━━ Dataset excerpts ━━
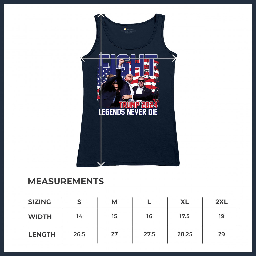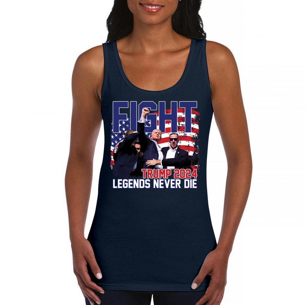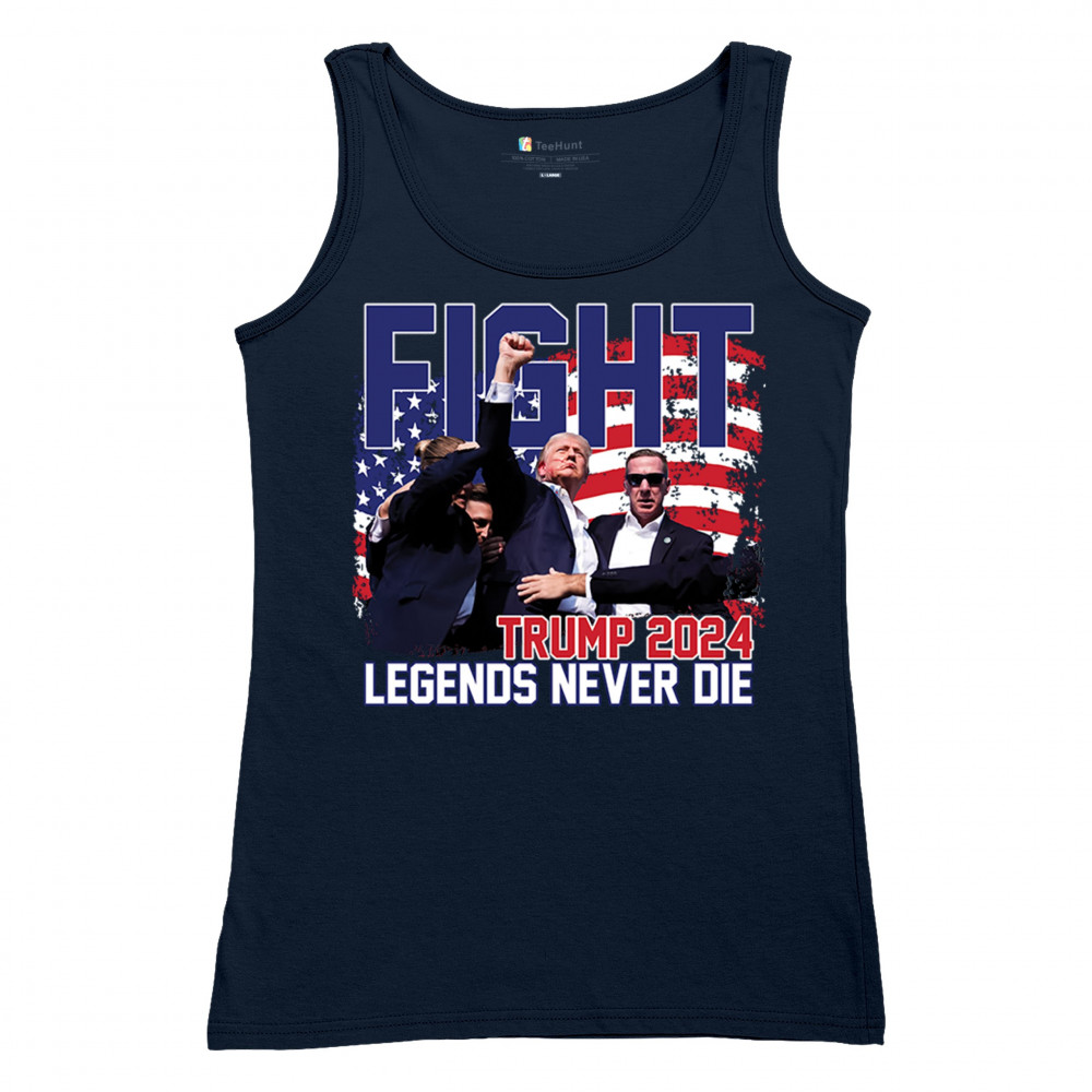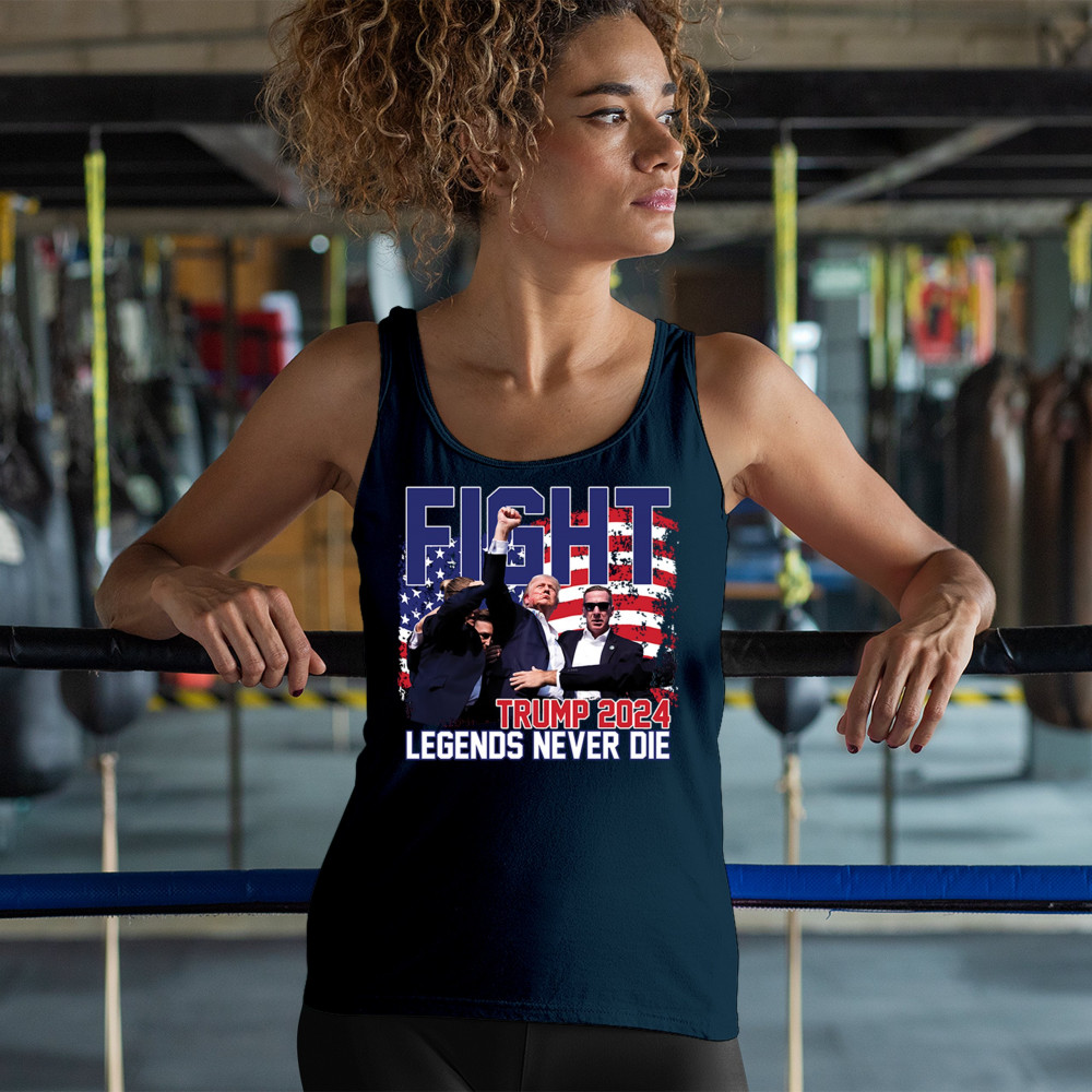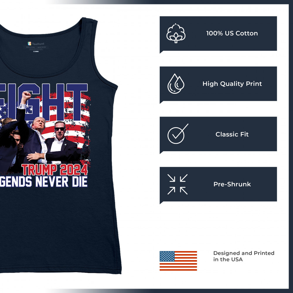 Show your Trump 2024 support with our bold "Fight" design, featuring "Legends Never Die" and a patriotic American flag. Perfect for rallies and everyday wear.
━━━
━━ Dataset excerpts ━━
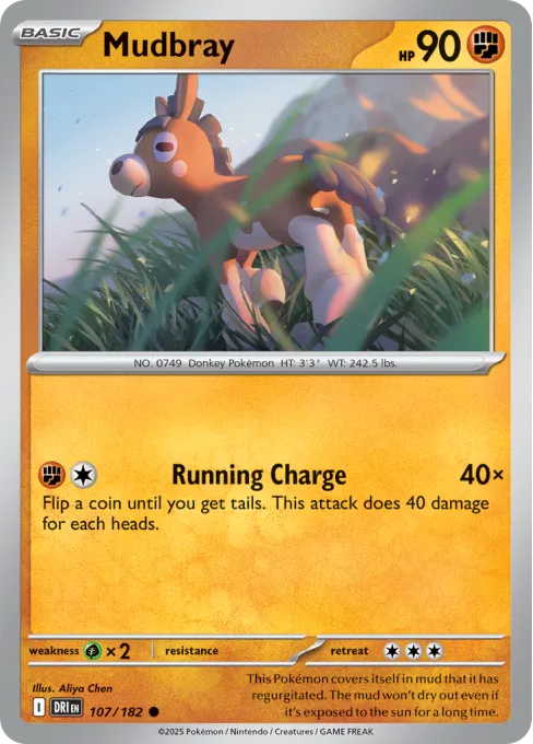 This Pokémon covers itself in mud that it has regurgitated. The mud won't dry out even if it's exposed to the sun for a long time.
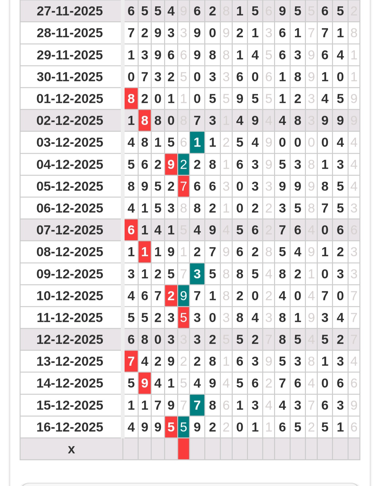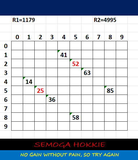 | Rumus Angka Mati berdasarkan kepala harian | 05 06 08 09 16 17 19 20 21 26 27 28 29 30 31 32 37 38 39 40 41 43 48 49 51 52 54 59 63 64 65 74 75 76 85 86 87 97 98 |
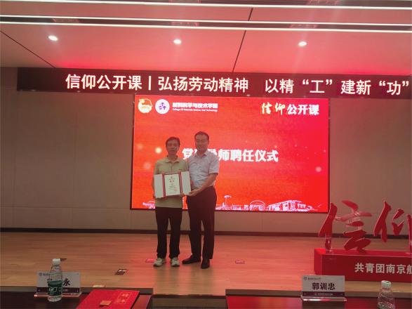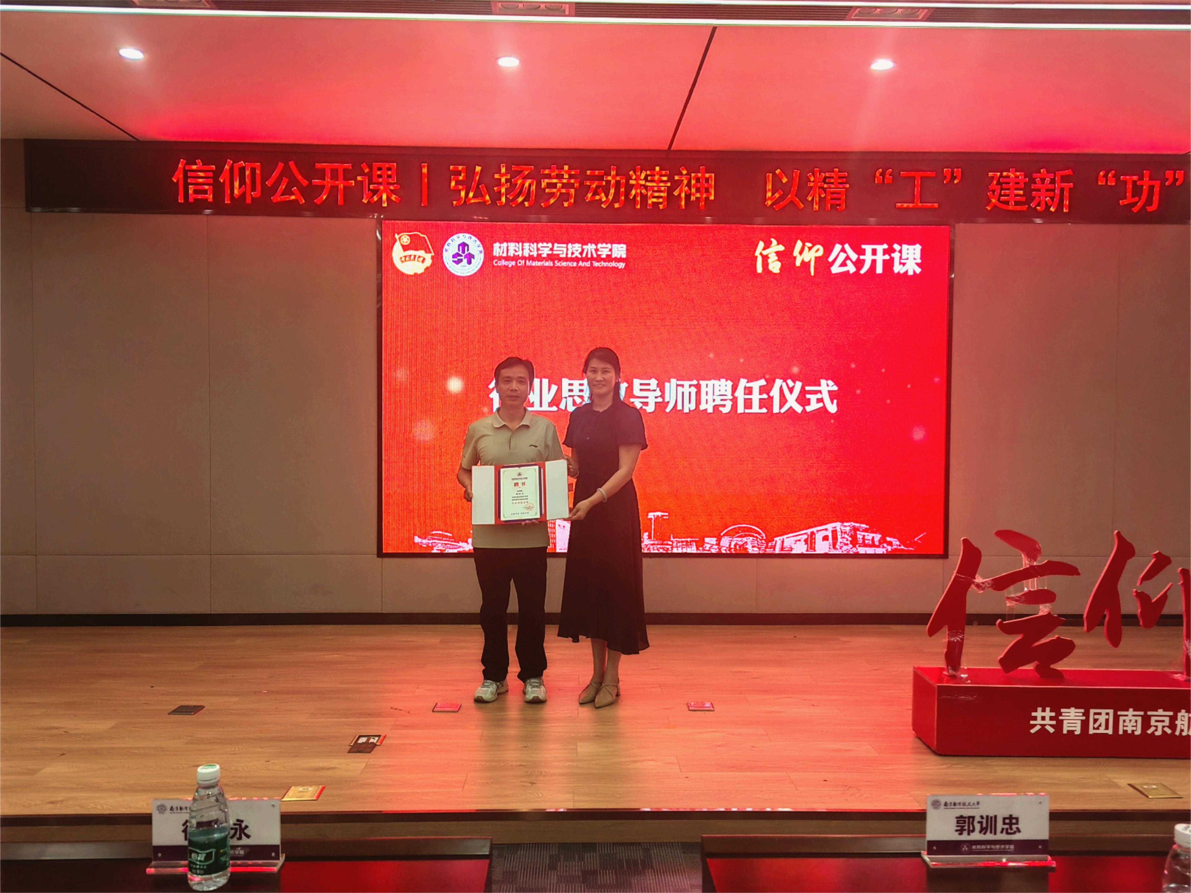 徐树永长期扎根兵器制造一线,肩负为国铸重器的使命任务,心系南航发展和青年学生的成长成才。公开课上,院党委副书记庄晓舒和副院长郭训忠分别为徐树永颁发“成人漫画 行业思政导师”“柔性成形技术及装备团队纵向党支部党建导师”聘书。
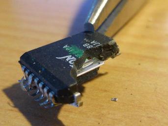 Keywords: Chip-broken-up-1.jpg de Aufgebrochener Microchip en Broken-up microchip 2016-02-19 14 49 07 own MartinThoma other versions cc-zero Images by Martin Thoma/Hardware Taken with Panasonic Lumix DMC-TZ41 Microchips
━━━
* Task objective *
Look above for the line with "This Pokémon covers" and the line with "86 87 97 98 |", then copy them and all lines in between exactly as written, and only those, without any pictures.

* Solution to this exercise *
 This Pokémon covers itself in mud that it has regurgitated. The mud won't dry out even if it's exposed to the sun for a long time.
 | Rumus Angka Mati berdasarkan kepala harian | 05 06 08 09 16 17 19 20 21 26 27 28 29 30 31 32 37 38 39 40 41 43 48 49 51 52 54 59 63 64 65 74 75 76 85 86 87 97 98 |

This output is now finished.